The Stand

The pack riding easily again, he went on up the road. The dog sounded as if it was just beyond the next bend. Maybe I'll see him after all, Stu thought.

He had picked up 302 going east because he supposed that sooner or later it would take him to the ocean. He had made a kind of compact with himself: When I get to the ocean, I'll decide what I'm going to do. Until then, I won't think about it at all. His walk, now in its fourth day, had been a kind of healing process. He had thought about taking a ten-speed bike or maybe a motorcycle with which he could thread his way through - the occasional crashes that blocked the road, but instead had decided to walk. He had always enjoyed hiking, and his body cried out for exercise. Until his escape from Stovington he had been cooped up for nearly two weeks, and he felt flabby and out of shape. He supposed that sooner or later his slow progress would make him impatient and he would get the bike or motorcycle, but for now he was content to hike east on this road, looking at whatever he wanted to look at, taking five when he wanted to, or in the afternoon, dropping off for a snooze during the hottest part of the day. It was good for him to be doing this. Little by little the lunatic search for a way out was fading into memory, just something that had happened instead of a thing so vivid it brought cold sweat out onto his skin. The memory of that feeling of someone following him had been the hardest to shake. The first two nights on the road he had dreamed again and again of his final encounter with Elder, when Elder had come to carry out his orders. In the dreams Stu was always too slow with the chair. Elder stepped back out of its arc, pulled the trigger of his pistol, and Stu felt a heavy but painless boxing glove weighted with lead shot land on his chest. He dreamed this over and over until he woke unrested in the morning, but so glad to be alive that he hardly realized it. Last night the dream hadn't come. He doubted if the willies would stop all at once, but he thought he might be walking the poison out of his system little by little. Maybe he would never get rid of all of it, but when most of it was gone he felt sure he would be able to think better about what came next, whether he had reached the ocean by then or not.

He came around the bend and there was the dog, an auburn-colored Irish setter.

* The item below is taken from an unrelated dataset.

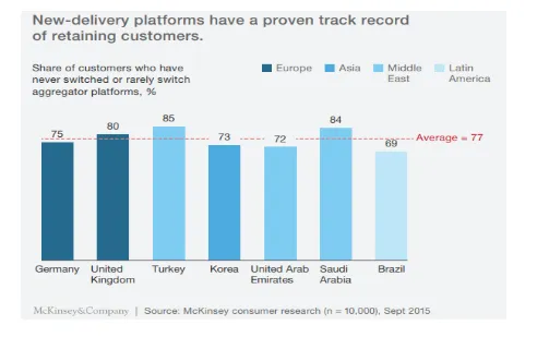 El envío de comida constituye un buen ejemplo sobre cómo esta nueva economía está provocando una disrupción en las cadenas de valor tradicionales. Los clientes de las nuevas plataformas online de envío de comida a domicilio tienen distintas necesidades y expectativas que las del cliente tradicional de las pizzerías. El tiempo es un factor fundamental: la velocidad de entrega es la variable de mayor relevancia en la satisfacción del cliente, y una media del 60% de los consumidores de todos los mercados la mencionan como un parámetro clave. La gran mayoría de los pedidos se realizan desde el hogar de los clientes (82%) y durante el fin de semana (74%), por lo que el trabajo por turnos es el statu quo de los repartidores. Las plataformas de envío permiten la personalización de la experiencia de pedir comida, dado que almacenan datos relevantes proporcionados por los clientes, generando así una gran fidelidad. Una vez que los usuarios se registran, el 80% de ellos nunca o rara vez cambia de plataforma, lo que genera una sólida dinámica en la que aquella empresa que logre un mayor número de clientes en el menor tiempo posible, se impone al resto.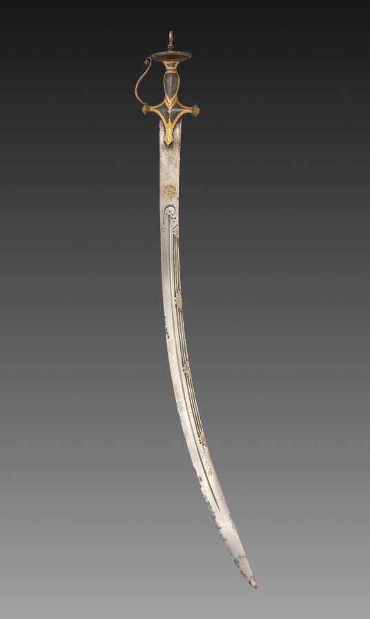 The exceptionally thin, curved blade is made of watered steel. The grooves, called fullers, allowed for weight reduction and prevented flexion. The costly hilt is fully overlaid with brass in steel, both inside and outside the knuckle.

It barked joyously at the sight of Stu and ran up the road, toenails clicking on the composition surface, tail wagging frantically back and forth. It jumped up, placing its forepaws on Stu's belly, and its forward motion made him stagger back a step. "Whoa, boy," he said, grinning.

The dog barked happily at the sound of his voice and leaped up again.

"Kojak!" a stern voice said, and Stu jumped and stared around. "Get down! Leave that man alone! You're going to track all over his shirt! Miserable dog!"

Kojak put all four feet on the road again and walked around Stu with his tail between his legs. The tail was still flipping back and forth in suppressed joy despite its confinement, however, and Stu decided this one would never make much of a canine put-on artist.

Now he could see the owner of the voice - and of Kojak, it seemed like. A man of about sixty wearing a ragged sweater, old gray pants... and a beret. He was sitting on a piano stool and holding a palette. An easel with a canvas on it stood before him.

Now he stood up, placed the palette on the piano stool (under his breath Stu heard him mutter, "Now don't forget and sit on that"), and walked toward Stu with his hand extended. Beneath the beret his fluffy grayish hair bounced in a small and mellow breeze.

"I hope you intend no foul play with that rifle, sir. Glen Bateman, at your service."

Stu stepped forward and took the outstretched hand (Kojak was growing frisky again, bouncing around Stu but not daring to renew his leaps - not yet, at least). "Stuart Redman. Don't worry about the gun. I ain't seen enough people to start shootin em. In fact, I ain't seen any, until you."

"Do you like caviar?"

"Never tried it."

"Then it's time you did. And if you don't care for it, there's plenty of other things. Kojak, don't jump. I know you're thinking of renewing your crazed leaps - I can read you like a book - but control yourself. Always remember, Kojak, that control is what separates the higher orders from the lower. Control!"

His better nature thus appealed to, Kojak shrank down on his haunches and began to pant. He had a big grin on his doggy face. It had been Stu's experience that a grinning dog is either a biting dog or a damned good dog. And this didn't look like a biting dog.

"I'm inviting you to lunch," Bateman said. "You're the first human being I've seen, at least in the last week. Will you stay?"

"I'd be glad to."

"Southerner, aren't you?"

"East Texas."

"An Easterner, my mistake." Bateman cackled at his own wit and turned back to his picture, an indifferent watercolor of the woods across the road.